For this exercise, return only the lines in the records below from the one holding "Zalecanym rozwiązaniem jest" through the one holding "de STOCKBERRY STUDIO", including both, exactly as they appear and without pictures.

* **Extracted information**:
⟨

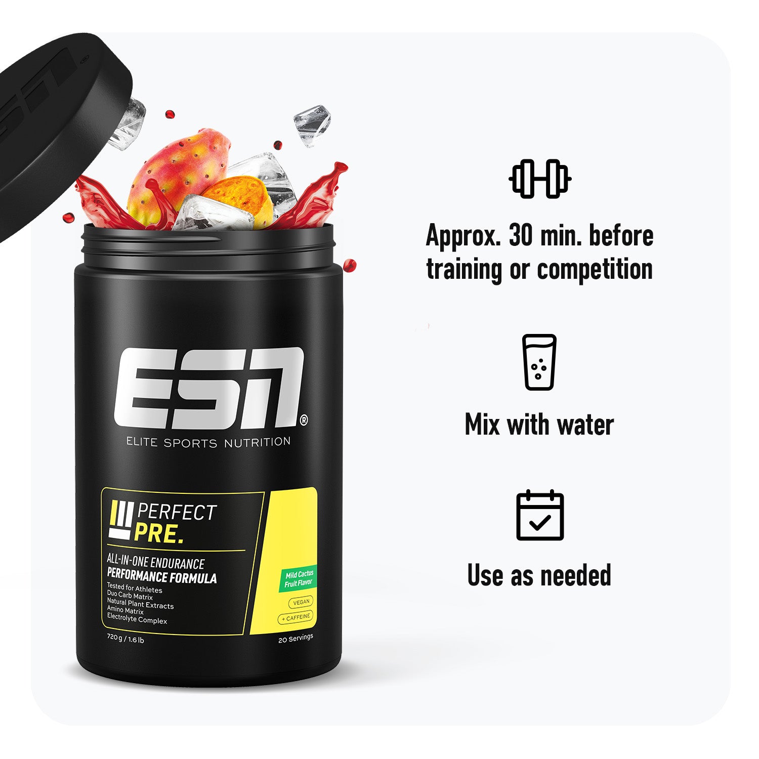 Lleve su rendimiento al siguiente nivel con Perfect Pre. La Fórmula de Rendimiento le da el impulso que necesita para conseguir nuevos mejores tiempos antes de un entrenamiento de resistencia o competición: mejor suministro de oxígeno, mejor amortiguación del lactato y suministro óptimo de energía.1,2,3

⟩
⟨

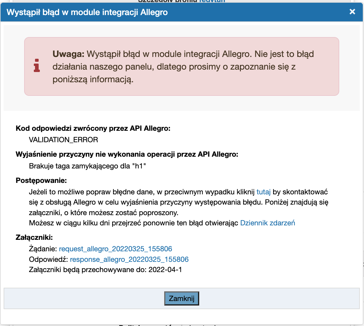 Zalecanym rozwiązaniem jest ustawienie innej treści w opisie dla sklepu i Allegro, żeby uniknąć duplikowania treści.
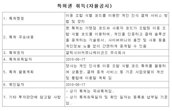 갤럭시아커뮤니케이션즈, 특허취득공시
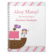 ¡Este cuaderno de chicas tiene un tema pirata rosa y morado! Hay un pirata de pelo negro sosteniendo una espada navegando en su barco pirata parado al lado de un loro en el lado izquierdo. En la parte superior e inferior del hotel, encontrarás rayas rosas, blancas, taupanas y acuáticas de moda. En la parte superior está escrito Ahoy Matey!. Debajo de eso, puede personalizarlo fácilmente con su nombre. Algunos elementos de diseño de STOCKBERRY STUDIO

⟩

* **Task response**:
 Zalecanym rozwiązaniem jest ustawienie innej treści w opisie dla sklepu i Allegro, żeby uniknąć duplikowania treści.
 갤럭시아커뮤니케이션즈, 특허취득공시
 ¡Este cuaderno de chicas tiene un tema pirata rosa y morado! Hay un pirata de pelo negro sosteniendo una espada navegando en su barco pirata parado al lado de un loro en el lado izquierdo. En la parte superior e inferior del hotel, encontrarás rayas rosas, blancas, taupanas y acuáticas de moda. En la parte superior está escrito Ahoy Matey!. Debajo de eso, puede personalizarlo fácilmente con su nombre. Algunos elementos de diseño de STOCKBERRY STUDIO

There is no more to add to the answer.